Several of these motions had already been rejected by Justice Merchan. On April 3, he rejected a motion to postpone the trial until the Supreme Court has reviewed the presidential immunity defense and to hold an evidentiary hearing about the high court’s decision. On April 1, the judge upheld and expanded the gag order that he issued to cover his and the district attorney’s family members. On April 5, the prosecutors objected to the defense’s second request for a recusal, and the judge is set to imminently issue a decision.

Also on April 8, the court issued media access instructions for an April 15 trial and the jury questionnaire hours after the appeal was filed.

The district attorney’s office has opposed the appeal.

Rescheduling

The judge was already critical of the defense when President Trump’s attorneys made some of these requests verbally during a February scheduling conference.

President Trump is facing four criminal indictments in separate jurisdictions, and for a time, the district attorney indicated that this case may be the last to go to trial as federal judges began scheduling trials in 2024 that would have overlapped with the Manhattan March 25 trial date.

However, one of those cases is now before the Supreme Court on appeal of one pre-trial motion to dismiss, and another may yet be delayed as a federal judge found that discovery was more “voluminous” than expected. In February, Justice Merchan confirmed the March 25 trial date. Weeks later, federal attorneys produced an unexpected, last-minute discovery of more than 100,000 pages regarding a key witness to President Trump’s team.

The defense requested 90 days to review the new material while the prosecutors offered 30; on March 25, the judge rescheduled the trial to begin with jury selection on April 15.

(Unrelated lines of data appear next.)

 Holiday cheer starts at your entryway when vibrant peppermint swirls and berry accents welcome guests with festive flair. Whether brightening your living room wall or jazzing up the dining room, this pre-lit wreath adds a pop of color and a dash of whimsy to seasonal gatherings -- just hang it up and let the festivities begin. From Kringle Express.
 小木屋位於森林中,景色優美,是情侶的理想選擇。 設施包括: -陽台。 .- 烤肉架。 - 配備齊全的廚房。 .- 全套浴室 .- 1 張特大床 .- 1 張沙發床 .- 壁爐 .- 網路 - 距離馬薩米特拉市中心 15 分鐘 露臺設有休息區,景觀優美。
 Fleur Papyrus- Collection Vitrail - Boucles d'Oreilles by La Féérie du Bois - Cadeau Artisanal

The next day, Justice Merchan issued a gag order on President Trump, finding that the risk that his speech would threaten fair trial proceedings was “paramount.”

Gag orders cannot prohibit defendants from speaking about the court itself, however, and a federal appeals court had ruled in another gag order on President Trump that they should not extend to the lead prosecutor either.

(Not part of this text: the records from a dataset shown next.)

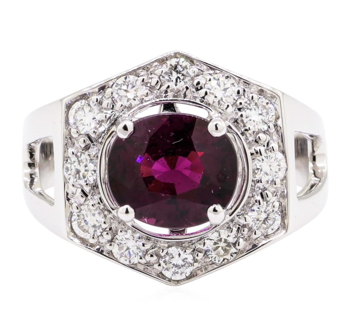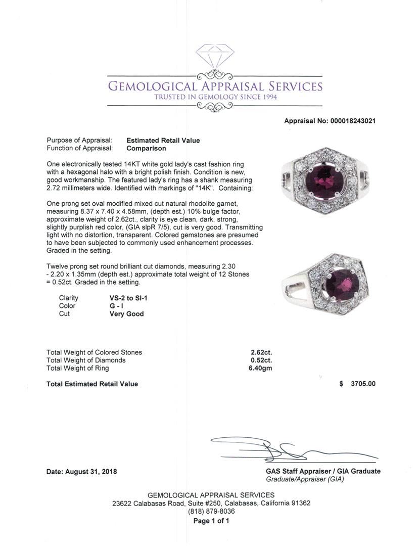 One electronically tested 14KT white gold lady's cast fashion ring with a hexagonal halo with a bright polish finish. The featured lady's ring has a shank measuring 2.72 millimeters wide. Identified with markings of '14K'. Condition is new, good workmanship. Containing: One prong set oval modified mixed cut natural rhodolite garnet, measuring 8.37 x 7.40 x 4.58mm, (depth est.) 10%. bulge factor, approximate weight of 2.62ct., clarity is eye clean, dark, strong, slightly purplish red color, (GIA slpR 7/5), cut is very good. Transmitting light with no distortion, transparent. Colored gemstones are presumed to have been subjected to commonly used enhancement processes. Graded in the setting. Twelve prong set round brilliant cut diamonds, measuring 2.30 - 2.20 x 1.35mm (depth est.) approximate total weight of 12 Stones = 0.52ct. Graded in the setting. Color G - I Clarity VS-2 to SI-1 Cut Very Good. Total Weight of Colored Stones 2.62ct.. Total Weight of Diamonds 0.52ct.. Total Weight of Ring 6.40gm GAS Appraised at $3705.00. GAS Appraised.
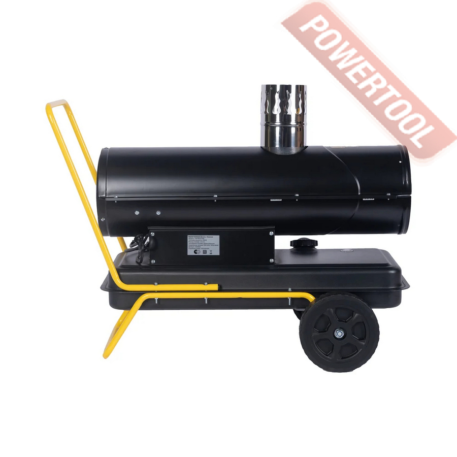 Дизельная тепловая пушка непрямого нагрева, напряжение сети 220 В, тепловая мощность 50 кВт, расход воздуха 2000 куб.м/ч, расход топлива 3,8 кг/ч, объем топливного бака 69 л, потребляемая мощность 900 Вт, встроенный термостат, контроль пламени, датчик перегрева, датчик уровня топлива, дымоход, самодиагностика, время автономной работы до 18 ч, габариты ДхШхВ 1370х560х995 мм, вес 59 кг, тележечный комплект.
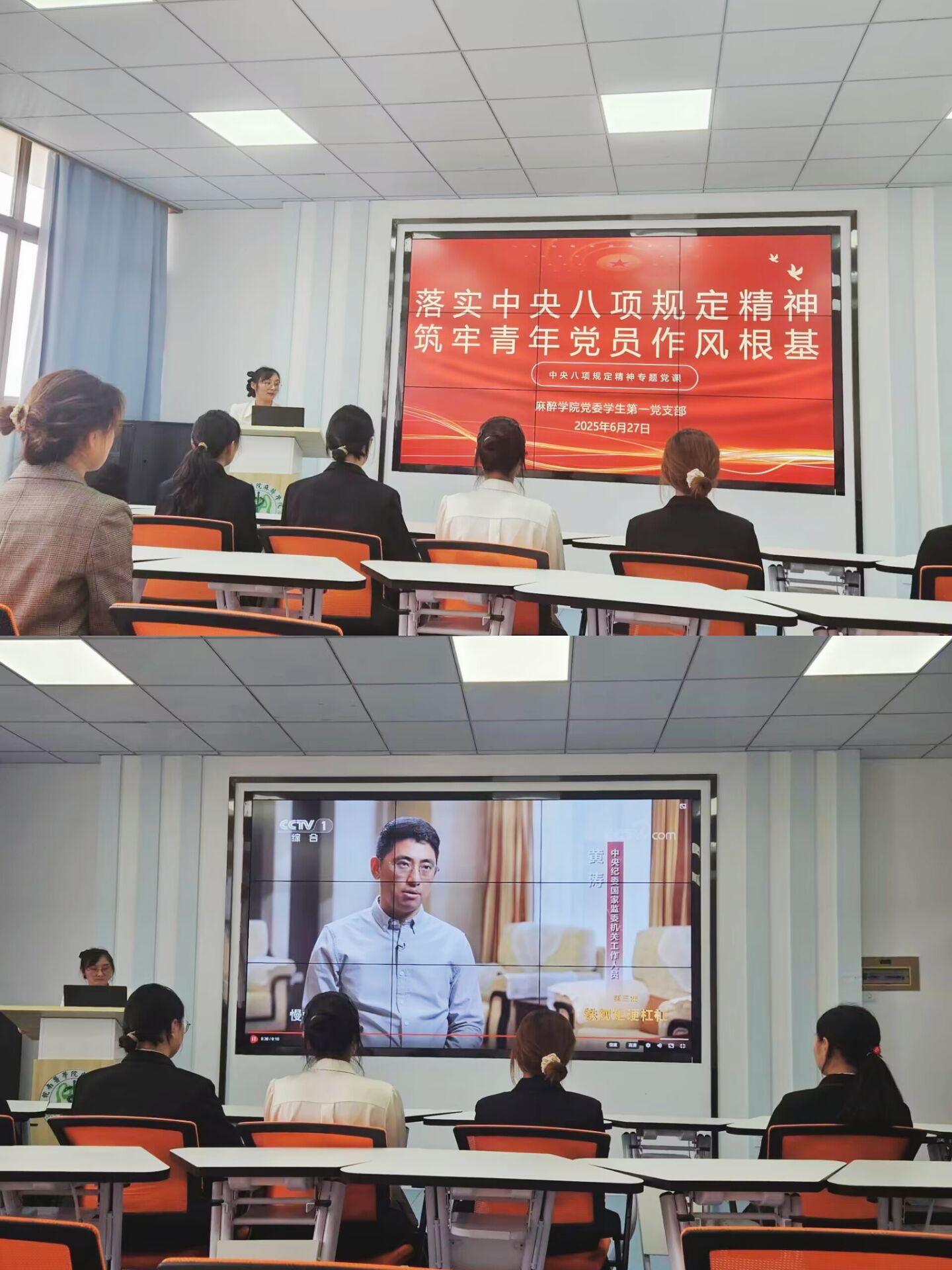 专题党课强信念,八项规定树新风。支部书记以“持之以恒落实中央八项规定精神 筑牢青年党员作风根基”为题讲授专题党课。党课围绕学习领会和贯彻执行中央八项规定及其实施细则精神,以“典型案例+警示教育”形式,从“出台背景、核心要义、实践要求”三个维度深入解读中央八项规定精神,结合高校师生身边的“四风”问题典型案例,强调青年党员要以“永远在路上”的清醒抵制形式主义、官僚主义。

Shortly after the order, President Trump accused the judge of political bias and mentioned the judge’s daughter on social media.

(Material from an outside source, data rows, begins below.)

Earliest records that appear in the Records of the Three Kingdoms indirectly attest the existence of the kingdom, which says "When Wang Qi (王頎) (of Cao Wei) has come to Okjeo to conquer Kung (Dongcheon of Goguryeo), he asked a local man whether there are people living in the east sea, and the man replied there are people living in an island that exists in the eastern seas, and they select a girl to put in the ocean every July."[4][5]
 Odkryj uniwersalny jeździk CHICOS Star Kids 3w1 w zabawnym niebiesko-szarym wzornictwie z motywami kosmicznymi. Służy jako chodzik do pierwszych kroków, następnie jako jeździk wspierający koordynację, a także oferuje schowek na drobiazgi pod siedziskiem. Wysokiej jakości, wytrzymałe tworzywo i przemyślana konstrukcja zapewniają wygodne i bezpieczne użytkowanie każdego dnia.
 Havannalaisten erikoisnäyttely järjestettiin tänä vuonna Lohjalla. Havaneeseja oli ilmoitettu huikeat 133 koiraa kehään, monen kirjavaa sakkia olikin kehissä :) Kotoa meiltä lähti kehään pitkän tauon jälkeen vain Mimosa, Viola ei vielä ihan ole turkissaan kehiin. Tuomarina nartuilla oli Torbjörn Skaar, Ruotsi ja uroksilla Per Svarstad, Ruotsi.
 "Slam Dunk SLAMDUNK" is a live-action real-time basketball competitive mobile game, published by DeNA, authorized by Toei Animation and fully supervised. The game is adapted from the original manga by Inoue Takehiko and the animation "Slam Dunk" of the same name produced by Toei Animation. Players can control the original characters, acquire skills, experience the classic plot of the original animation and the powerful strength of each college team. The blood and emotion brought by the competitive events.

In a request for recusal last year, defense attorneys argued that the judge’s daughter had a significant role at a political marketing firm that counted among its clients politicians who had run on anti-Trump messaging.

The judge rejected the motion on the basis that the defense presented hypothetical situations, but in a renewed motion to recuse last week, the defense argued that the situation was no longer hypothetical. They pointed to filings that showed that groups and individuals that had paid the judge’s daughter’s firm millions of dollars have been running fundraising campaigns that highlight the Trump case over which the judge is presiding. They argued that the judge now has a commercial interest in the case and must step down.

Prosecutors argued that it was still speculation that the judge was affected by these contracts or his daughter’s firm’s revenue and that there was no basis for the judge’s recusal.

The Associated Press contributed to this report.